[PATCH 2/2] drm: add tdr support for embeded hw_fence
Jingwen Chen
Jingwen.Chen2 at amd.com
Thu Jul 22 15:08:47 UTC 2021
On Thu Jul 22, 2021 at 10:45:40AM -0400, Andrey Grodzovsky wrote:
>
> On 2021-07-22 6:45 a.m., Jingwen Chen wrote:
> > On Wed Jul 21, 2021 at 12:53:51PM -0400, Andrey Grodzovsky wrote:
> > > On 2021-07-20 11:13 p.m., Jingwen Chen wrote:
> > > > [Why]
> > > > After embeded hw_fence to amdgpu_job, we need to add tdr support
> > > > for this feature.
> > > >
> > > > [How]
> > > > 1. Add a resubmit_flag for resubmit jobs.

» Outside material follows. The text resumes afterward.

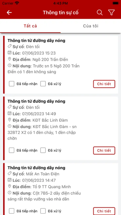 Ứng dụng phản ánh sự cố và đánh giá về chất lượng hệ thống chiếu sáng.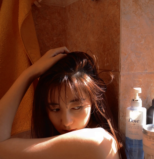 最近沈阳的天气一直都是阴天,不能出外景,那就居家拍照吧!今天教大家在家人人都能拍的“浴室写真” 1.用水打湿头发,做一个湿发造型,穿一个吊带 2.一个纯色浴巾挂在墙上做背景 3.三脚架固定好相机,调好参数,调到遥控模式 4.摆好pose,摁下红外遥控器 5.后期用醒图修就够了,今天没有化底妆,就稍微给皮肤磨皮一下,就可以了,其他不用调,橙色的浴巾反射的橙色光,特别有感觉,原图就是这个效果 6.趁着有一丝微光透进来,赶紧拍两张有光影的 —————————————— 情绪片get√ ↓↓↓↓↓ 自拍教学‖情绪片‖电影感‖港风‖光影‖在家拍大片‖故事感‖沈阳约拍‖居家写真‖浴室写真‖人像摄影‖浴室少女‖美式滤镜‖眼神‖

> > > > 2. Clear job fence from RCU and force complete vm flush fences in
> > > > pre_asic_reset
> > > > 3. skip dma_fence_get for resubmit jobs and add a dma_fence_put
> > > > for guilty jobs.
> > > >
> > > > Signed-off-by: Jack Zhang <Jack.Zhang1 at amd.com>
> > > > Signed-off-by: Jingwen Chen <Jingwen.Chen2 at amd.com>
> > > > ---
> > > > drivers/gpu/drm/amd/amdgpu/amdgpu_device.c | 12 +++++++++++-
> > > > drivers/gpu/drm/amd/amdgpu/amdgpu_fence.c | 16 +++++++++++-----
> > > > drivers/gpu/drm/amd/amdgpu/amdgpu_job.c | 4 +++-
> > > > drivers/gpu/drm/scheduler/sched_main.c | 1 +
> > > > include/drm/gpu_scheduler.h | 1 +
> > > > 5 files changed, 27 insertions(+), 7 deletions(-)
> > > >
> > > > diff --git a/drivers/gpu/drm/amd/amdgpu/amdgpu_device.c b/drivers/gpu/drm/amd/amdgpu/amdgpu_device.c
> > > > index 40461547701a..fe0237f72a09 100644
> > > > --- a/drivers/gpu/drm/amd/amdgpu/amdgpu_device.c
> > > > +++ b/drivers/gpu/drm/amd/amdgpu/amdgpu_device.c
> > > > @@ -4382,7 +4382,7 @@ int amdgpu_device_mode1_reset(struct amdgpu_device *adev)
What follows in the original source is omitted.